Tags: #Fiction, #Literary, #Family Life

Lyrics Alley (10 page)

‘Alhamdulilah, this is very good news. A thousand congratulations.’ His voice rang out, ‘Osama, come and carry your brother. Take him to his mother.’

After the crying baby was dispatched to Hanniyah, he turned to Shukry, ‘Tell me, who exactly will you be working for? And how much are they going to pay you?’

‘A family called Abuzeid. They favour Egyptians to work for them.’

It was a coincidence, but not particularly remarkable.
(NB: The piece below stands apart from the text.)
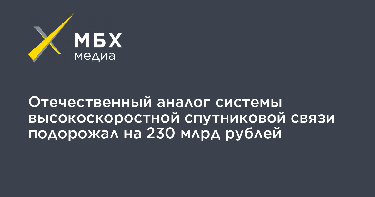 Отечественный аналог системы высокоскоростной спутниковой связи подорожал на 230 млрд рублей

‘I know them personally . . .’ There was pride in Badr’s voice, he wanted his father to hear, really hear. ‘I teach Mahmoud Bey’s youngest son and daughter. I am at their saraya two or three times a week.’ He was boasting now. ‘I taught Nur Abuzeid until he went to Victoria College and found himself the best student in Arabic!’

Shukry did not pick up on his enthusiasm. He slumped forward and put his elbows on his knees.

‘But I am not sure I want to work as a farmer. I am thinking I should be patient and wait for another opportunity.’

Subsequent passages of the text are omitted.